4. Кручинин и Грачик


   Автор вынужден пойти на риск частично повторить то, что уже было когда-то сказано о Кручинине и Грачике. Те, кто уже знаком с Кручининым и его молодым другом Грачиком по описанию их прежней деятельности, могут пропустить эту главу.
   Встреча молодого журналиста и музыканта-любителя Грачика с ветераном следственно-розыскной работы Кручининым произошла в обстоятельствах, не имеющих отношения к профессиям обоих. Грачик впервые увидел Кручинина в Доме отдыха, в средней полосе России, куда сам приехал, чтобы на свободе и покое поработать над задуманной большой статьёй о Скрябине. Как многие дилетанты, Грачик полагал, что сделает открытие, показав публике влияние Шопена на творчество большого русского композитора и обнажив, с другой стороны, чисто русскую самобытность всего скрябинского наследия. Грачик предполагал показать это на разборе ряда фортепианных произведений Скрябина, начиная с ре-диез-минорного этюда и кончая второй фортепианной сонатой. Эта статья, охватывающая первый период творчества композитора, должна была, по мысли Грачика, открыть целую серию статей, которые потом лягут в основу литературной биографии композитора.

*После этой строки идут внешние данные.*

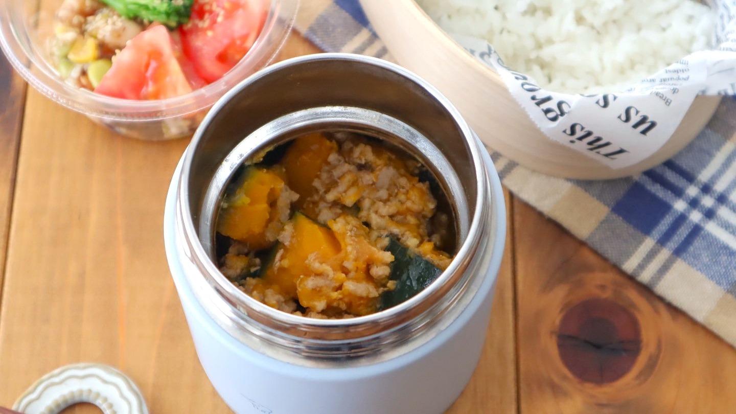 報告レンジで一発!かぼちゃのそぼろ丼でスープジャーで弁当

   Но Грачик не был исключением среди молодых литераторов. Приехав в Дом отдыха, он так старательно гулял по его живописным окрестностям, вдохновляясь для предстоящей работы образами русской природы, что долго не мог заставить себя сесть за письменный стол. Во время одной из таких вдохновительных прогулок он и увидел Кручинина. Нил Платонович сидел на парусиновом стульчике посреди лужайки, окаймлённой весёлым хороводом молодых берёзок. Перед Кручининым стоял мольберт; на мольберте — подрамник с натянутым холстом. У ног Кручинина лежал ящик с тюбиками, выпачканными красками и измятыми так, что нельзя было заподозрить их владельца в бездеятельности. Но палитра Кручинина была чиста и рука с зажатой кистью опущена. Склонивши голову набок, Кручинин приглядывался к берёзкам, словно они заворожили его и он не мог оторвать от них взгляда прищуренных голубых глаз.
   Вот Кручинин стал задумчиво пощипывать свою небольшую бородку, такую же светлую, как и его аккуратно подстриженные усы. Однако, несмотря на их светлую окраску, и в усах, и в бороде уже чувствовался, хоть и едва уловимый, налёт седины. Этакая серебристость бывает видна над вершинами зацветающей черёмухи, ежели смотреть очень издали на лес весной. Словно серебро только-только сбрызнуло поросль. И даже невозможно ещё сказать — седина ли это и пойдёт ли она расширяться.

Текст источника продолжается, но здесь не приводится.